Yaa is struggling to keep a reliable Wi-Fi signal from Ghana, but Mohammad logs in on time from Kuwait. Anna had to relocate to a café in Austria to get connected. Johnpeter was hoping to call in, too. But he is in a rural part of Tanzania today, and an internet connection is nowhere to be found. The group Skype call has gotten off to a bumpy start. But no one ever said that building a global human rights movement would be easy.
Finally, Yaa and Mohammad link up with Apoorva from India, Anna from Austria and Karyn from the US. The call’s agenda is all about activism, but as the conversation winds down, the host, Elizabeth Pfiester in the UK, pivots to a personal farewell: “I hope everyone is having a smooth blood sugar day today. Mine has been kind of rocky.” The line is quickly abuzz with good wishes for Pfiester, and a lot of empathy. The heat is playing havoc with Mohammad’s sugars, it turns out. Apoorva’s levels are out of whack due to some exam-related stress; Karyn is recovering from a kidney infection that pushed her sugars high.
They have all been there, and that is the point. Everyone on the call has Type 1 diabetes, and all have committed to serving as volunteer advocates in their communities, with their work coordinated through a group called T1International, founded and directed by Pfiester.

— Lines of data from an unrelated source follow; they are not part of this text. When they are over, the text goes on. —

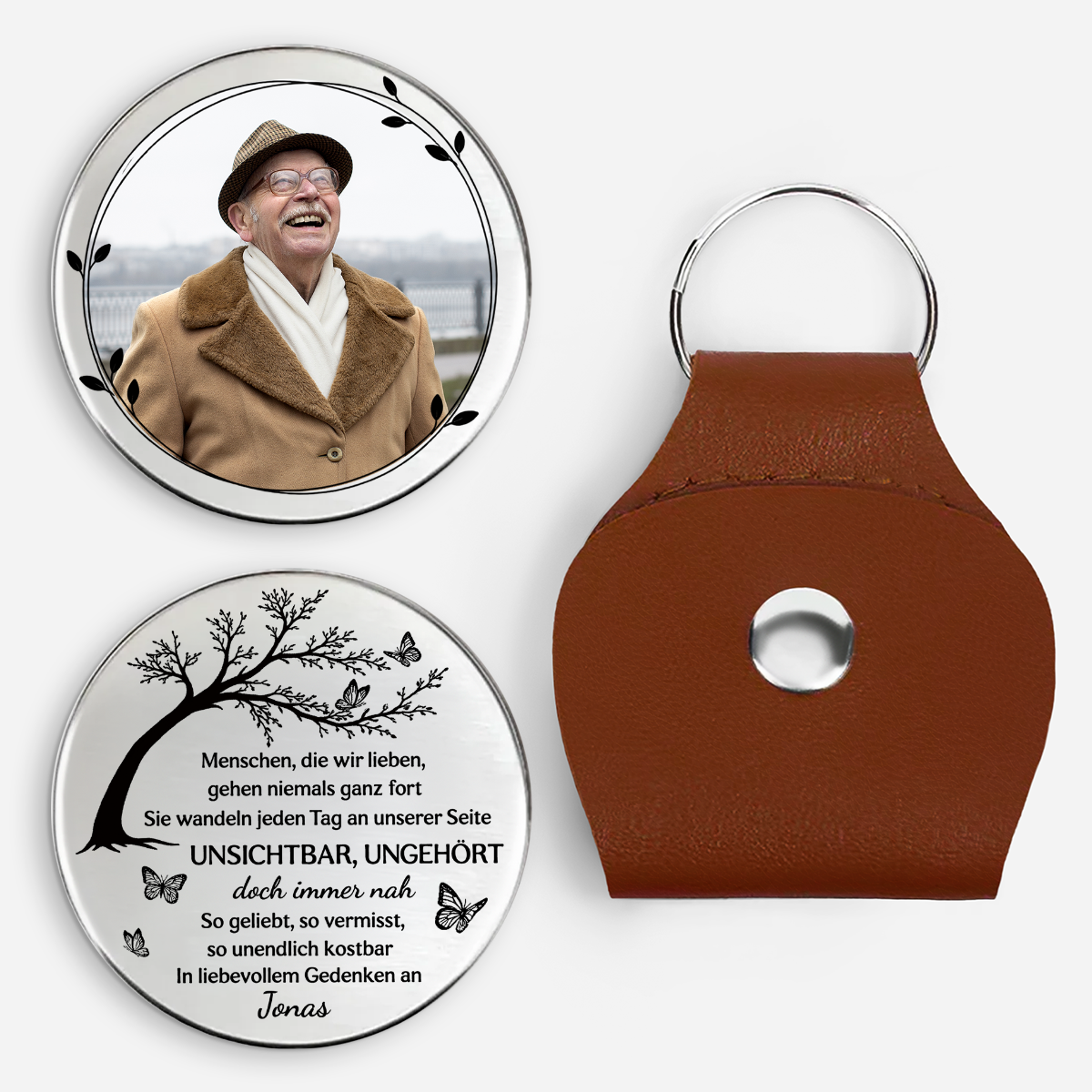 - Personalisierter Leder-Pocket Hug: Dieser charmante Begleiter besteht aus einem edlen PU-Leder-Etui im praktischen Schlüsselanhänger-Design. Im Inneren verbirgt sich ein runder Edelstahl-Token, der beidseitig mit Namen, Botschaften oder individuellen Designs bedruckt werden kann – ein persönliches Geschenk, das von Herzen kommt.
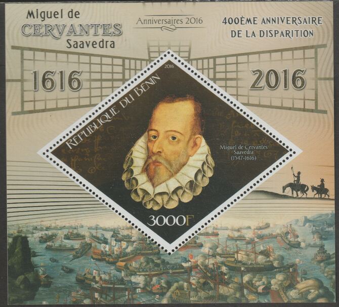 Benin 2016 Miguel de Cervantes perf m/sheet containing one diamond shaped value unmounted mint
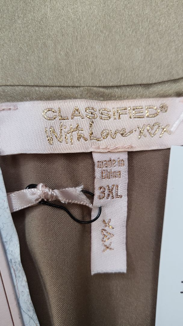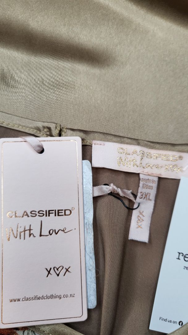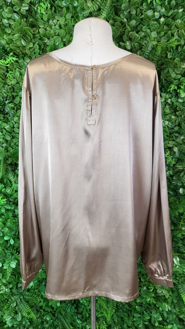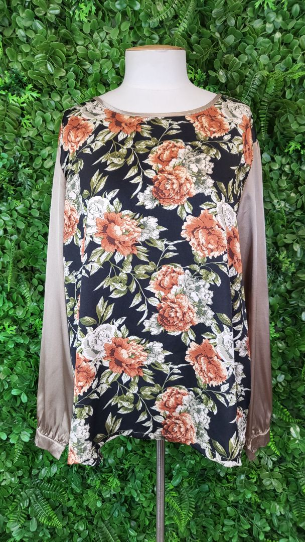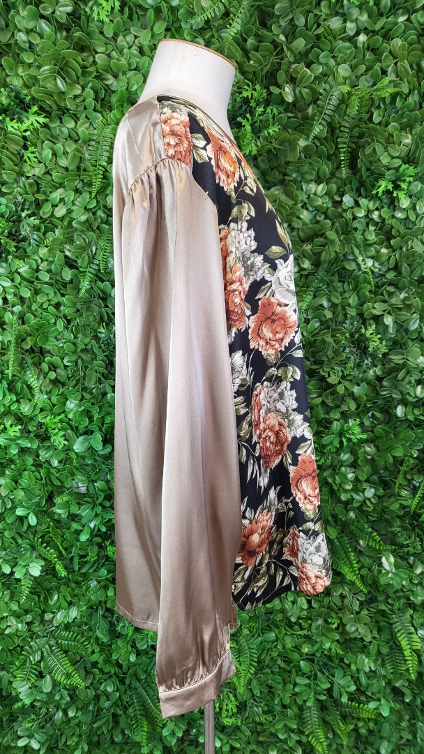Print front with sateen sleeves and back, scoop necKline and button up cuff.
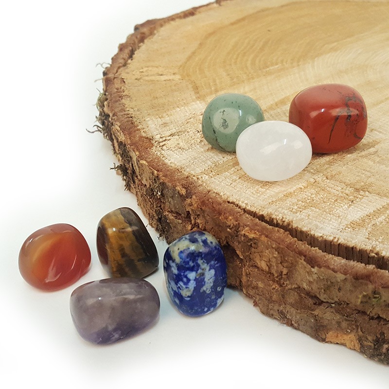 Bevat één rode jaspis, één carneool, één tijgeroog, één aventurijn, één lapis lazuli, één amethist en één bergkristal.
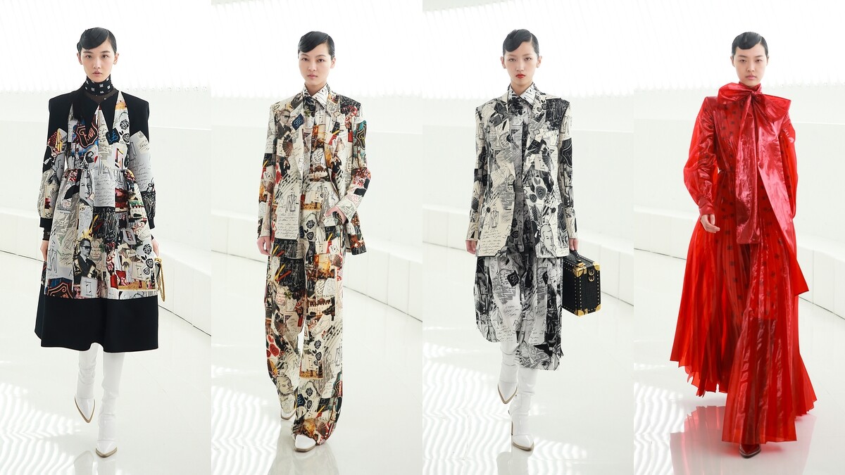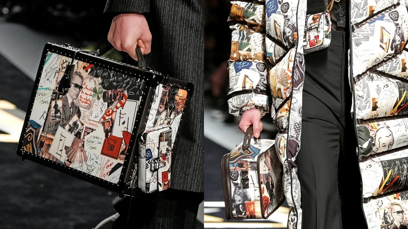 這場上海大秀除了完整重現和卡爾緊密相關的兩個男女裝系列,更特別推出從未曝光過的15套全新設計(男裝5款、女裝10款),塗鴉風格的拼接印花中藏著許多卡爾的肖像,這些來自男裝秀上的印花也是首次運用在女裝上,足見卡爾對FENDI的重要性有多深。
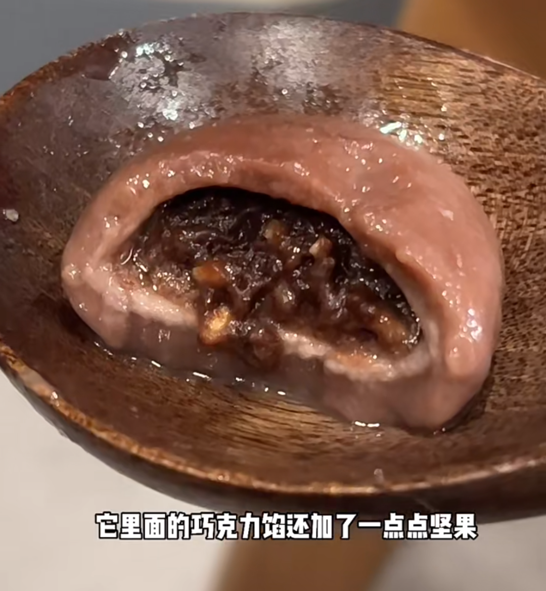 一口爆浆的巧克力汤圆可以说是相当俘获人心了,浓郁的可可味搭配丝滑的口感,真是让人难以“住口”。
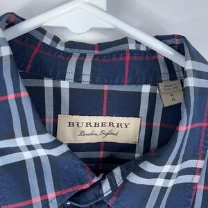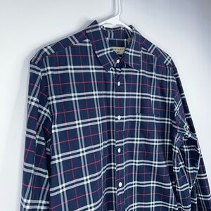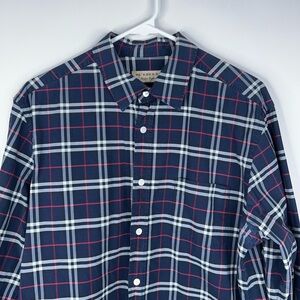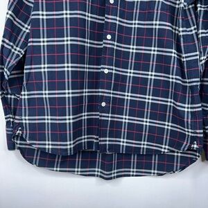 Burberry Navy Blue Red Nova Check Button Down Shirt Long Sleeve Cotton Large

The popular image of a crusading health care advocate is usually embodied by a compassionate physician or a determined researcher. In that scenario, patients are portrayed as the passive — often helpless — beneficiaries of the professionals’ selfless calls for better care. It’s not a good match with the model of a successful social movement, where those most directly affected are on the front lines. That was the structure of the civil rights movement, the anti-apartheid campaign and the labor movement, among many others. So T1International aims to flip the usual health care advocacy script, this time putting patients in the lead roles.
It is an important model. So far, enormous grassroots frustration with the price of prescription drugs, especially in the US, has translated into sound bite rhetoric from leading politicians, but precious little meaningful reform. Beyond the substantial lobbying power of the pharmaceutical industry, this disconnect between public opinion and enacted policy may be due to access to medicine advocacy being mostly led by policy wonks, professional activists and health care professionals. But now, the megaphone is being seized by the patients for whom drug pricing is a matter of life or death.
Founded in 2013, T1International focuses on advocacy by and for persons with Type 1 diabetes, a condition where the pancreas is completely unable to produce insulin, a hormone necessary to keep blood sugar levels in check. A person with the more common Type 2 diabetes has a low-functioning pancreas, so they may or may not need regular injections of insulin. By comparison, the estimated 30 million persons worldwide with Type 1 diabetes have no room for error: A consistent outside source of insulin is necessary for their daily survival.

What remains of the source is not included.